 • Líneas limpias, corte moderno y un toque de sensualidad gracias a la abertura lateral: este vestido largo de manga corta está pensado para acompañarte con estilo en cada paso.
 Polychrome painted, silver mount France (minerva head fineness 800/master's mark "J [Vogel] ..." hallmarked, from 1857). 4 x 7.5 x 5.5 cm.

========================

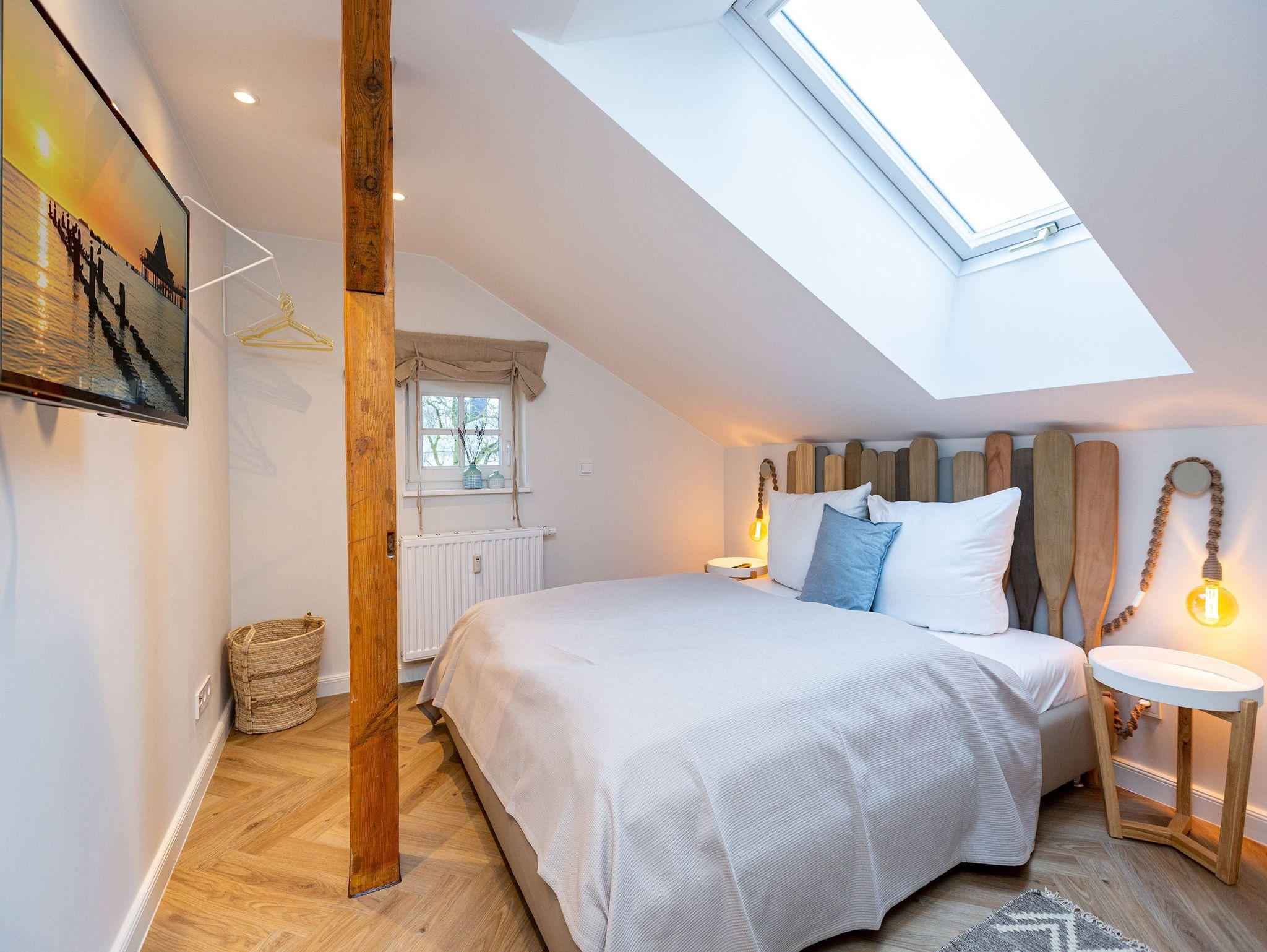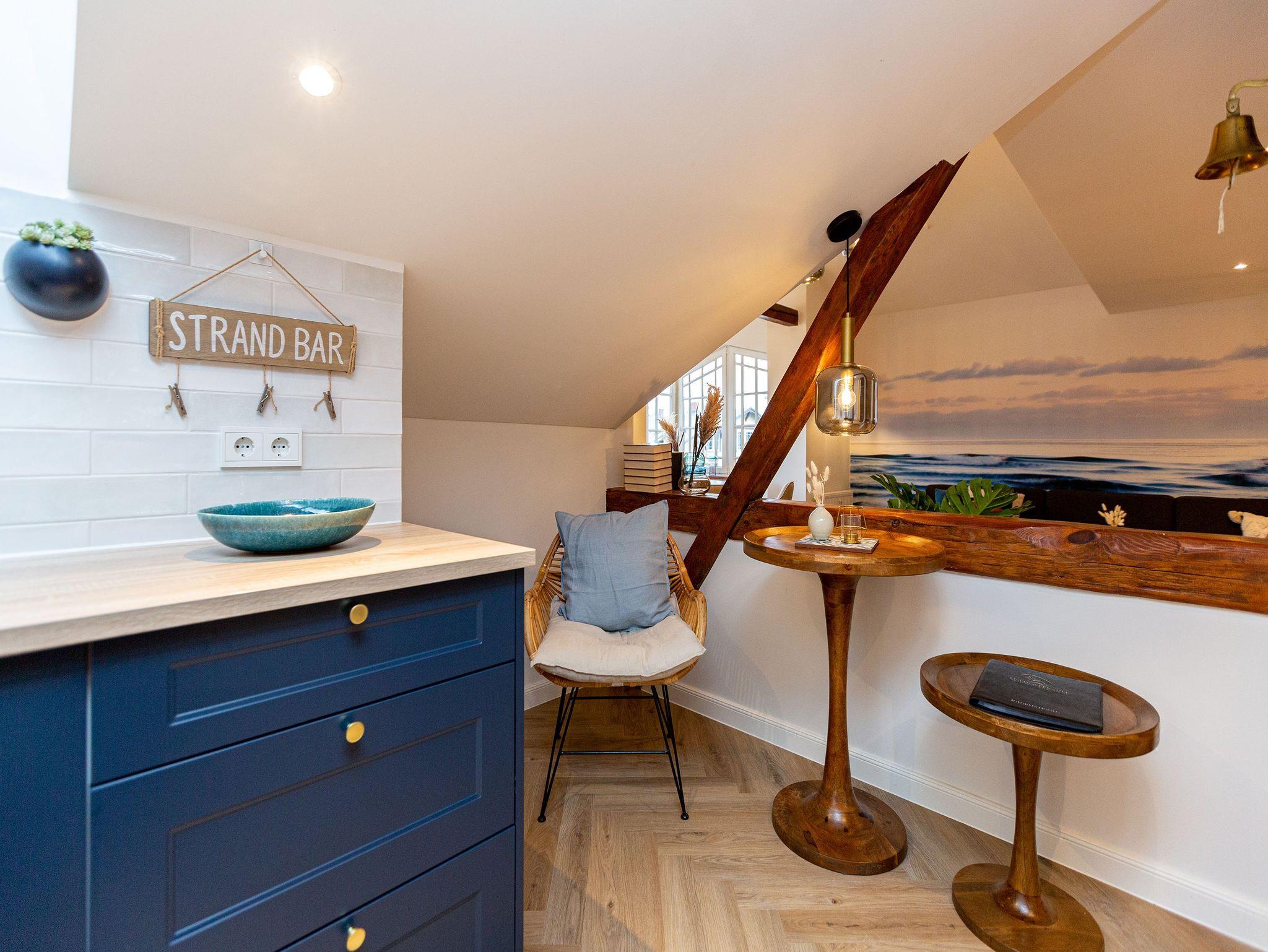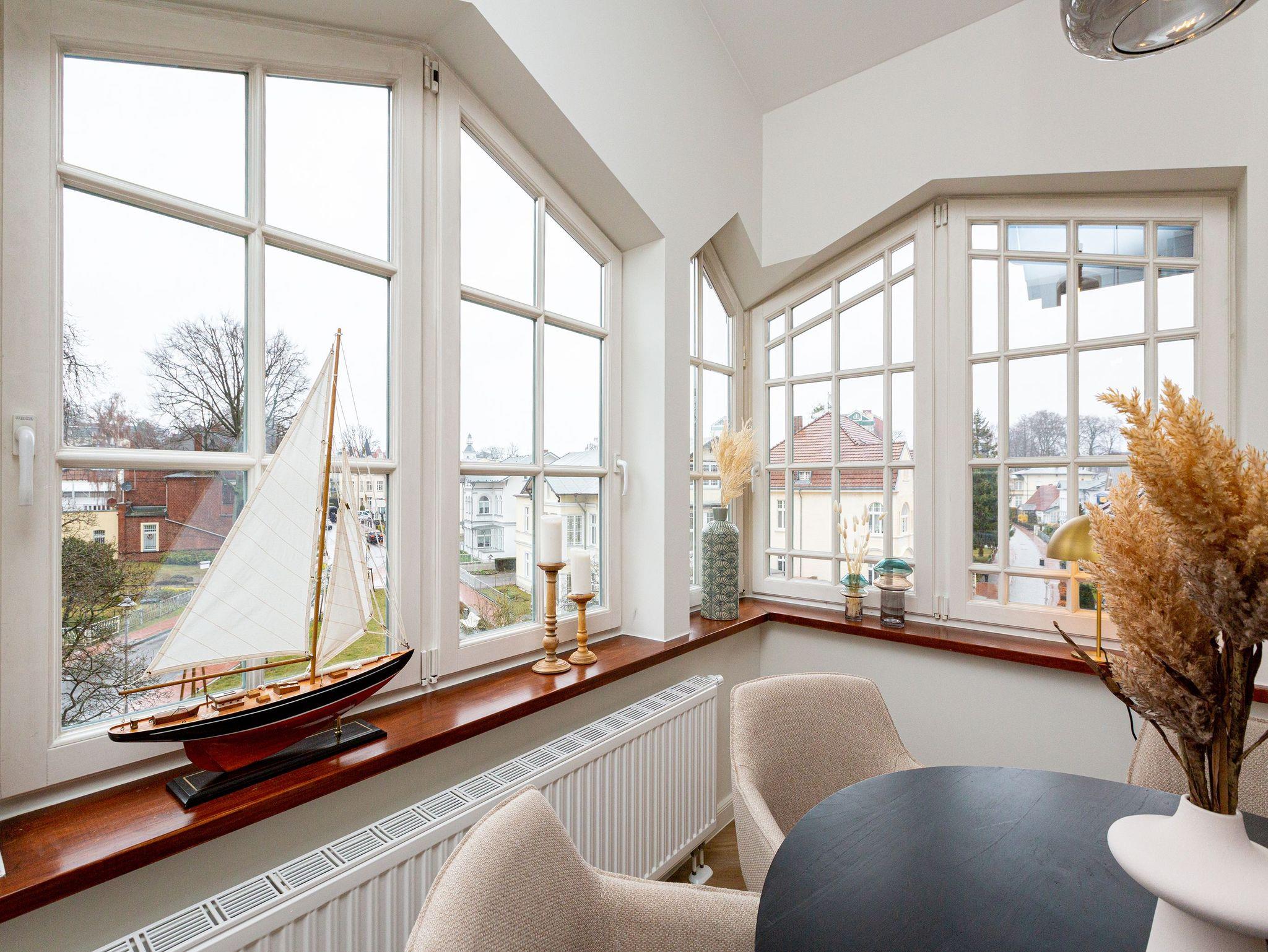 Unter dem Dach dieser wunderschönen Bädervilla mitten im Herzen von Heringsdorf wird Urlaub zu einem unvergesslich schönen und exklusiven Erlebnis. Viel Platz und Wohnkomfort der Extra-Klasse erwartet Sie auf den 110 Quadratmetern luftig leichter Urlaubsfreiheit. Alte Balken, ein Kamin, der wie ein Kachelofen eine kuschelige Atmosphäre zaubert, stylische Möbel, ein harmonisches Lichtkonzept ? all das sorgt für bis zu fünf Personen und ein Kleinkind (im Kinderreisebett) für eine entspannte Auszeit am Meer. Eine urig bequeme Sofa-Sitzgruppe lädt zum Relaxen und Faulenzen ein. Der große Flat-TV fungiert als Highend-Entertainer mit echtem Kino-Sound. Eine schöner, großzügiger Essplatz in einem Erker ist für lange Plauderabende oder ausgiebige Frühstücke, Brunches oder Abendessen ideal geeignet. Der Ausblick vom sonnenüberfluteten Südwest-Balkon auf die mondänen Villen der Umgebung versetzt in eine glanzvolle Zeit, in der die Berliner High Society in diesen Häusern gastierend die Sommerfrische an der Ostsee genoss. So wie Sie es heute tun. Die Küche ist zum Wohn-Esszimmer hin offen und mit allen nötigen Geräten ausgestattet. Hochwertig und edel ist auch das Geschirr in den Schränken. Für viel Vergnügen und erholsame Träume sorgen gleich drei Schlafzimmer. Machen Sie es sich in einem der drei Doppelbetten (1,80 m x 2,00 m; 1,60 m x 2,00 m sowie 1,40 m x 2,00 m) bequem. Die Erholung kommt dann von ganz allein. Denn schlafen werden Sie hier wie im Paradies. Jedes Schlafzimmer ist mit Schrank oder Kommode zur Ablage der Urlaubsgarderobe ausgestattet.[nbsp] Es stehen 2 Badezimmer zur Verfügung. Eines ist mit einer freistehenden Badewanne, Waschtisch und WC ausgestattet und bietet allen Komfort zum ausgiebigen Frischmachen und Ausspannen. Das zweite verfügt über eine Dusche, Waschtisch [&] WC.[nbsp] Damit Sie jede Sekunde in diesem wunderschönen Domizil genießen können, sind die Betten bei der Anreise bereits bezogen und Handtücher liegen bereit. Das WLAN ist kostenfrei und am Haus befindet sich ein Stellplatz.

========================

● **Exercise**:
In the data above, find the line that contains "en cada paso." and the line that contains "Polychrome painted, silver". Repeat exactly those lines and every line between them, and only those.

● **Exercise answer**:
 • Líneas limpias, corte moderno y un toque de sensualidad gracias a la abertura lateral: este vestido largo de manga corta está pensado para acompañarte con estilo en cada paso.
 Polychrome painted, silver mount France (minerva head fineness 800/master's mark "J [Vogel] ..." hallmarked, from 1857). 4 x 7.5 x 5.5 cm.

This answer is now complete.